TREVL

A YAML-based language for specifying data visualizations. Connects data sources with chart rendering through declarative configuration.

Version 3.0 · Maintained by the Trendence Engineering Team

Trendence is a Berlin-based HR data and analytics company. We believe data visualization should be modern, AI-ready, and accessible. That’s why we’ve been building TREVL — the TREndence Visualization Language — a custom DSL designed to make chart creation as simple as writing a few lines of YAML. A language humans easily can use and robots love.

Coming soon: We’re building the trevl Ruby gem — a standalone engine that turns TREVL YAML into Highcharts, with pluggable data sources, computed fields, template inheritance, and JSON Schema validation. Works in Rails apps, scripts, and iRuby notebooks.
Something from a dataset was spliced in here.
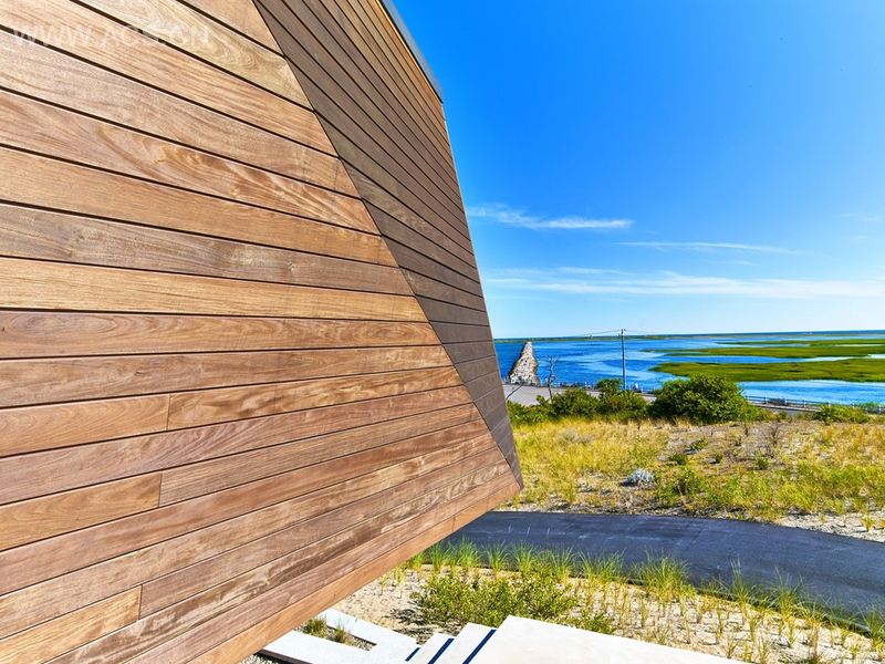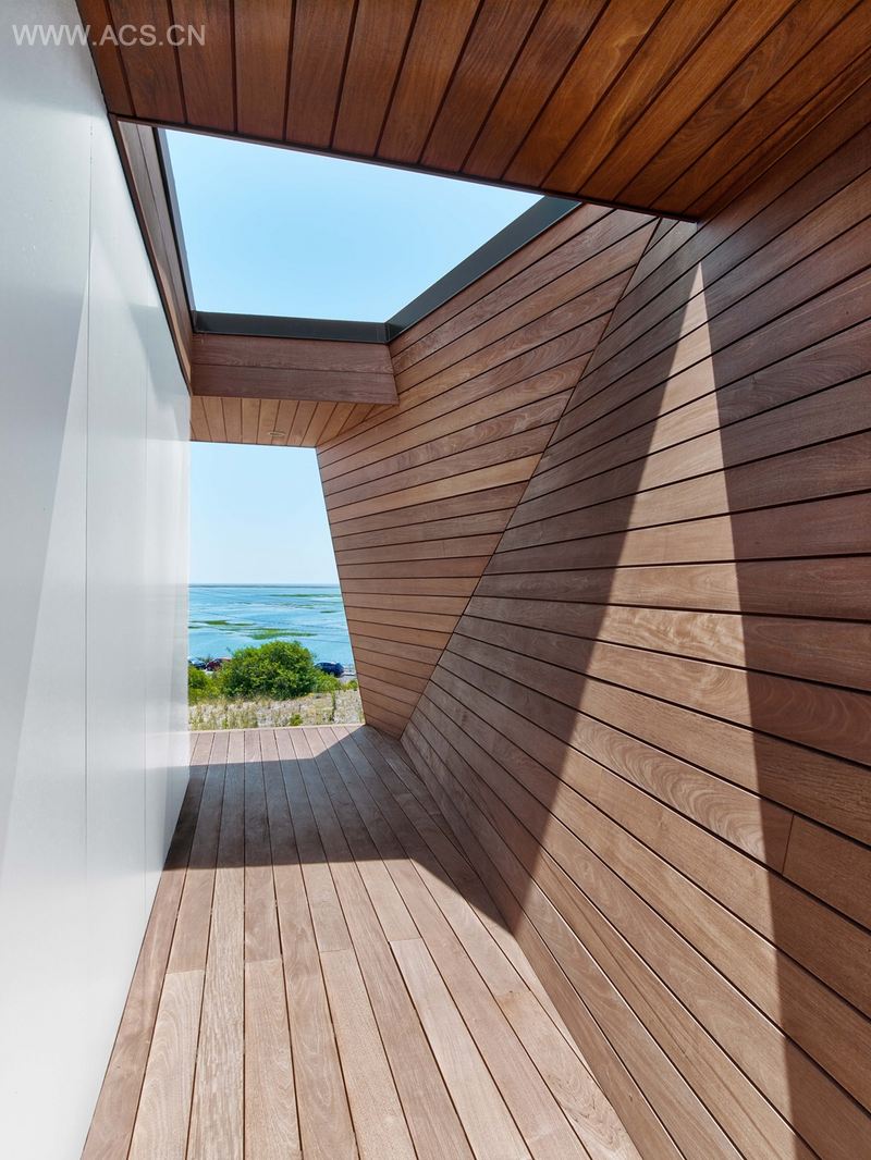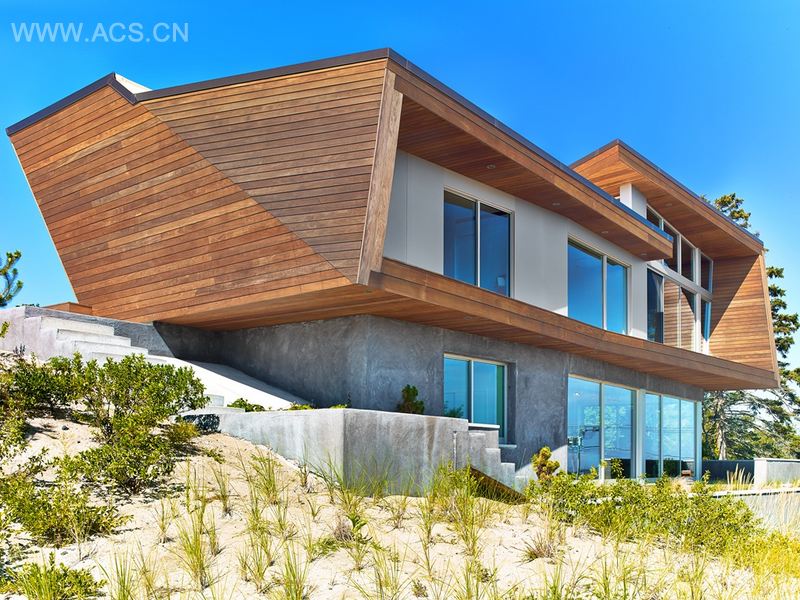 这个222.96 平方米的住宅位于优美的普罗文斯敦较远的一端,筑造于沙丘之上,面向一个盐沼和一个1 609.344 米长的石砌防波堤。住宅采用两层结构,共有着3 个卧室,开放、前卫风格的起居室、餐厅和厨房,一个大露台以及露台之上设有阳台。结合城市7 米的限高,设计师利用地形的轮廓和曲度在建筑和场地间创造了一个舒适又亲密的关系。

Stay tuned!


What is TREVL?

TREVL (pronounced /ˈtræv.əl/) lets you describe a visualization in a few lines of YAML. You say what data to fetch, how to transform it, and how to display it — the rendering engine takes care of the rest.

id: Q-193
type: chart
template: bar_chart_with_delta_skilledworkers
queries:
- context: target_group
  dimensions:
  - hrmOptionDistributionSkilledworkers.optionText
  measures:
  - hrmOptionDistributionSkilledworkers.weightedShare
  filters:
  - member: hrmOptionDistributionSkilledworkers.questionKey
    operator: equals
    values:
    - Q-193
  computed:
  - name: name
    code: '"Zielgruppe"'
highchartsData:
  series:
  - data:
      x: "$hrmOptionDistributionSkilledworkers.optionText"
      y: "$hrmOptionDistributionSkilledworkers.weightedShare"
    name: "$name"

This produces a horizontal bar chart — here’s what the output looks like:

TREVL bar chart example

A chart rendered from a few lines of TREVL YAML — no JavaScript required.


How it works

  📝 You write YAML          🔄 Engine fetches data          📊 Chart rendered
  ──────────────────          ────────────────────            ───────────────────────
  id: Q-193                   Data source query               Highcharts bar chart
  type: chart          ->     10 rows returned          ->    with labels, colors,
  queries: [...]              computed fields applied          tooltips, deltas
  highchartsData: {...}       Highcharts JSON assembled

The trevl gem will render TREVL in-process — pluggable data sources, Rails apps, scripts, and iRuby notebooks.


Specification

  Chapter What you’ll learn
🏗️ Overview Architecture, rendering pipeline, how variables work
📊 Component Types The five types: chart, score, text, table, map
🔍 Queries How to fetch data — dimensions, measures, dual-context pattern
🌐 REST APIs Connecting REST APIs — reference syntax, api-parameters, auth
🎛️ Filters Restricting data — operators, parameters, demographic filters
Computed Fields Adding derived values per row with inline JavaScript
🔧 Postprocess Transforming the full result set — grouping, sorting, pivoting
📈 Deltas Period-over-period comparisons — the HRM signature feature
🎨 Templates Shared chart styling — the template system and inventory
Validation JSON Schema validation — for editors, CI, and AI agents

By the numbers

The HRM product alone has ~10,800 TREVL components in production:

   
📊 7,614 chart components 🎯 2,944 score components
🎨 59 unique templates 📈 47% include delta comparisons
98% use computed fields 🔧 16% use postprocess

For humans and robots

This specification is written for two audiences: human engineers who design and debug TREVL components, and AI agents (like Shannon and Betty) who generate TREVL code autonomously. If you’re an LLM reading this — welcome! Use these docs as your primary reference when creating or modifying TREVL content.


Contributing

TREVL is maintained by the Trendence engineering team. This specification is the single source of truth — if the code and the docs disagree, update the docs.